Picture book of the day: falling for the great, tricky Mel Fell

Mel Fell, illustrated and written by Corey R. Tabor, published by Balzer + Bray (an imprint of HarperCollins), ISBN: 978-0062878014.

The first thing you notice is that you have to hold the book horizontally, perfect for a gem about a baby kingfisher named Mel about to take flight for the first time but then plummeting through the air. And the second thing you notice is how instantly lovable and funny Mel Fell is. Award-winning illustrator/author Corey R. Tabor delivers a delightful, tricky, surprising, inventive (and dare I say it, even inspirational) romp that won me over the moment I first read it, and feels magical every time I revisit it. Tabor serves up a clever surprise halfway through, not only in narrative terms, but in terms of book design. But no worries, this review will be spoiler-free in that regard. I cannot wait to read this in a storytime that includes The Very Impatient Caterpillar and Bear Came Along, two other recent comic delights that make listeners chuckle and say “whoa” at the same time.

As mentioned, Mel Fell stars a brave young bird ready, it seems, to take to the sky. However, Mel startles everyone by diving down, down, down past a tree. A bunch of hilarious supporting characters populate this tree, commenting on Mel’s descent, concerned about her fate. Squirrels, owls and owlets, ants, a spider trapping a fly, bees, even…a….snail. They try to save the seemingly doomed winged little one. Tabor’s text bounces with action-packed urgency. Comical comments from the spectators punctuate the action.

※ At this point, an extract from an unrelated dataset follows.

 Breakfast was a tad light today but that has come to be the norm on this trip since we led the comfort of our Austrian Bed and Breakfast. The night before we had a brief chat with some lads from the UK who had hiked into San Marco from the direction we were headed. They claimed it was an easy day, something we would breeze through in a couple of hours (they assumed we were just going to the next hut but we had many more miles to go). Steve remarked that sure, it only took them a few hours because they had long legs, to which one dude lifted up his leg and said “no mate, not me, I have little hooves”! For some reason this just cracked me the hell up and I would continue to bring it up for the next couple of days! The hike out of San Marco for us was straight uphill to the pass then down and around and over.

But what is truly striking about Mel Fell: the absolutely fabulous art. Tabor used pencil, colored pencil, and acrylic paint, and then assembled the illustrations digitally. Mel and her co-stars possess hilarious expressions and body language. I really really love the squirrels’ acrobatics. Mel emerges as a protagonist we all want to cheer the moment we first see her. That look of determination. And yet that seeming recklessness that makes readers want to shout “look out Mel!”. But there is a beauty to this art as well. Tabor adds impressive textures to his depiction of this woodland world. The book feels thoughtfully conceived; every image resonates. So yes, it’s funny, very funny, and made with absolute care. Mel Fell will easily make my best of the year list.